Book review: ‘Cronkite’
Wed, Jun 27, 2012 (3:07 p.m.)
The Details
- Cronkite
Journalists love anniversaries. If you’re composing “history’s first draft,” it’s helpful to pause for the past’s pregnant moments—you know, “game-changers”—especially if they help certify the model of the world you’re assembling in soundbites, B-roll and tweets. Those pondering how their own craft helps shape politics will have a moment for reflection this summer, the 60th since the fledgling TV networks convinced the two political parties to allow coverage of their conventions.
As Douglas Brinkley writes in Cronkite, legendary CBS News President Sig Mickelson negotiated the coverage and fought for Walter Cronkite as his network’s … what to call it? “Anchor-man” debuted in a CBS news release heralding 1952 election-night coverage. This was after Cronkite had defined the term during the conventions that nominated Adlai Stevenson and Dwight Eisenhower, at the same time altering the practice of politics. Brinkley quotes him from A Reporter’s Life: “Those 1952 conventions were not only the first but also the last time the American public would have an opportunity to see our neat political conclaves in pure, undiluted form. By 1956 the parties had begun to sanitize their proceedings.”
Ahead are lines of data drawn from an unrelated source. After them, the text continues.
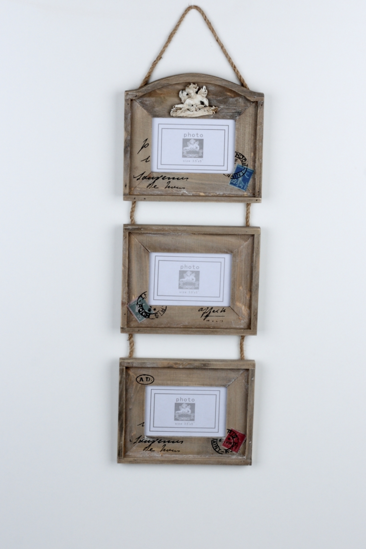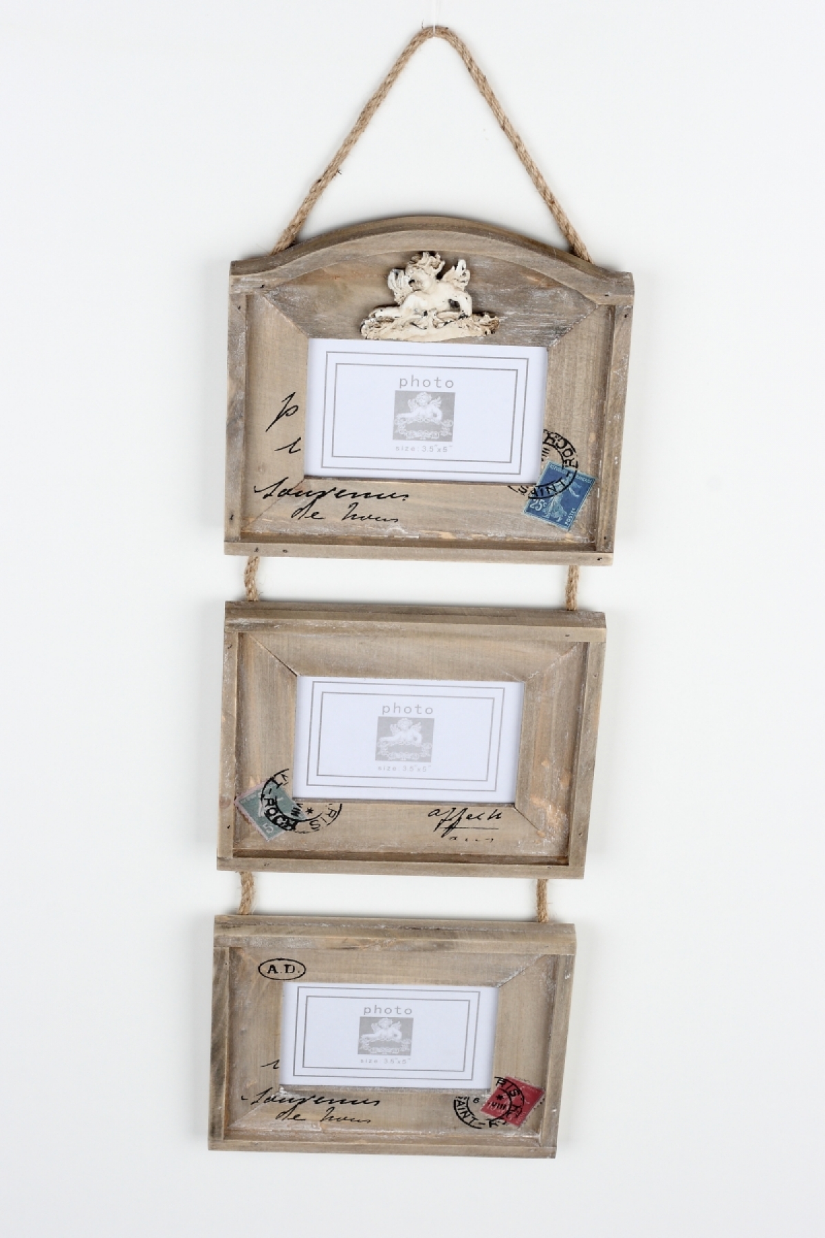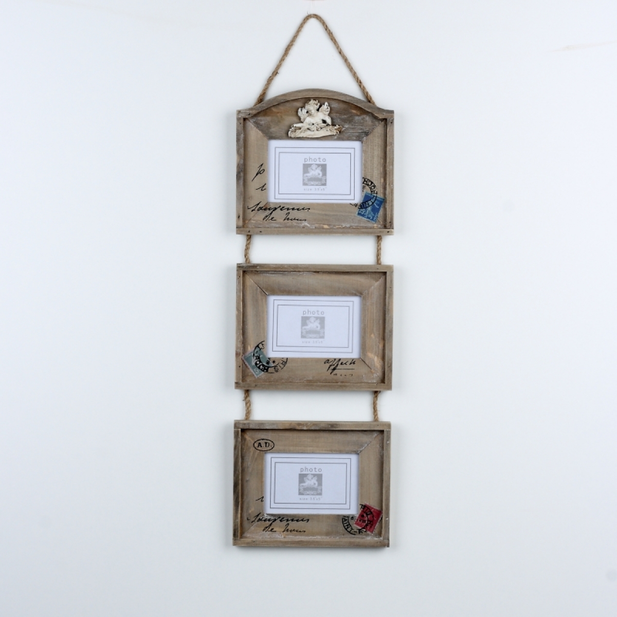 Závesný foto rámček na tri fotografie 58cm v obľúbenom štýle vintage rozžiari Vaše holé steny.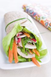 Variante : pour une version plus protéinée, ajouter une demi-tranche de jambon blanc entre la feuille de laitue et les légumes.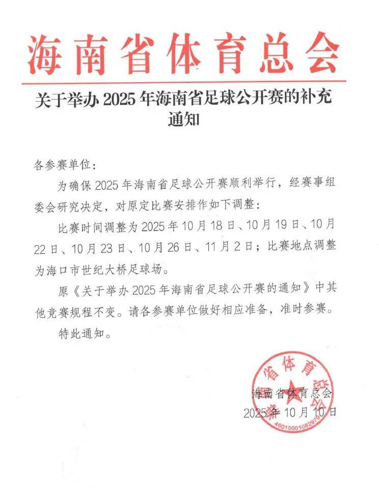 时时彩平台,腾讯分分彩,北京赛车,北京赛车pk10,北京赛车pk10技巧,幸运飞艇,彩票平台推荐,飞艇开奖,幸运飞艇官网,大发彩票,彩票平台推荐,500彩票,六合彩,大乐透,双色球,体彩足球,体育彩票10月13日,海南省体育总会发布关于2025年海南省足球公开赛的补充通知,经赛事组委会研究决定,比赛将于10月18日在海口市世纪大桥足球场鸣哨。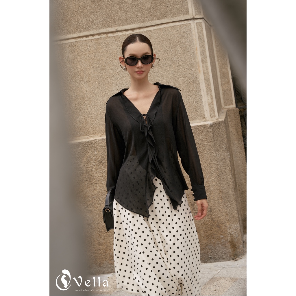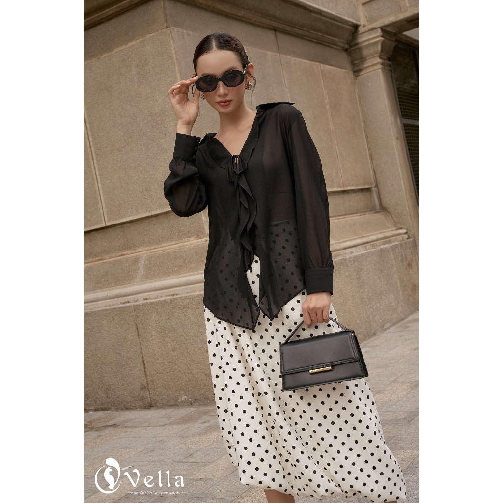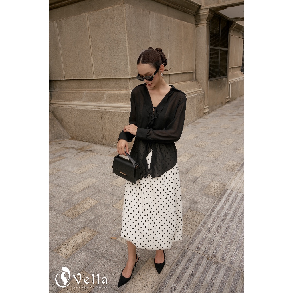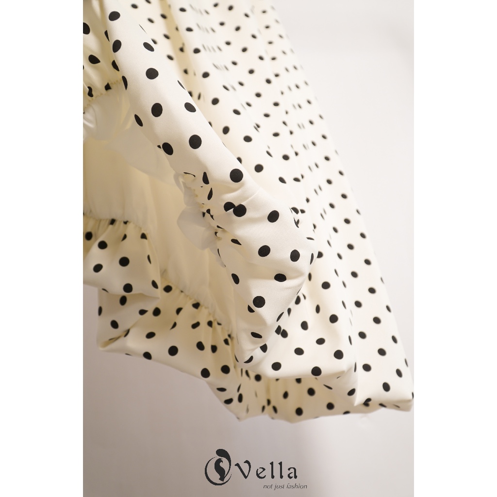 Chân váy dáng bí ngô chấm bi | Váy A-line dài ngang bắp chân vintage nữ tính Vella Fashion VV25066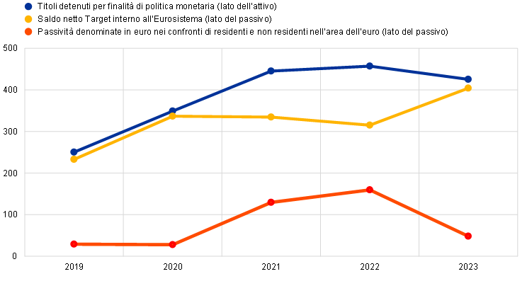 Saldo netto Target interno all’Eurosistema, passività denominate in euro nei confronti di residenti e non residenti nell’area dell’euro e titoli detenuti per finalità di politica monetaria
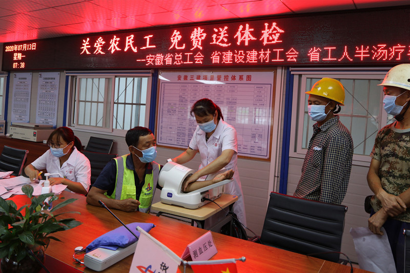 7月13日,由安徽省總工會(huì )組織,省建設建材工會(huì )、省工人半湯溫泉療養院承辦的“關(guān)愛(ài)農民工、免費送體檢”活動(dòng)來(lái)到了安徽三建合肥市中心圖書(shū)館項目,近120名現場(chǎng)農民工參加了體檢。

They had help: Cronkite’s. Brinkley also notes that Mickelson—a present-at-creation figure in television news—ran a “school” that summer for politicians eager to master the new medium, with Rep. John F. Kennedy among the pupils and Cronkite the teacher.
In Cronkite, Brinkley chronicles a tension in Cronkite’s character that colors the journalism his generation gave us, between the noble practice of “objective” journalism and the hollow performance of simulated “events.” The man who shepherded the nation through conventions, assassinations and moon landings also interviewed costumed historical figures for the “news” program You Are There.
This set Cronkite at odds with Edward R. Murrow, who found such shenanigans shameful. Murrow’s celebrity allowed him to crusade, but his star waned at CBS as Cronkite’s rose, and with it the notion that objectivity meant Take No Stands. Sure, Uncle Walter did, most famously over Vietnam, but that was a course correction in a lifetime of Supporting the American Way, from playing the rah-rah game in World War II to pumping the Space Race.
Without meaning to, Brinkley describes Cronkite as shallow, vain and compromised. The flawed anchorman, who died in 2009, was at heart decent, though, and his judgments were trustworthy, mostly. But what he set in motion in 1952 has made his brand of objectivity quaint and dangerous.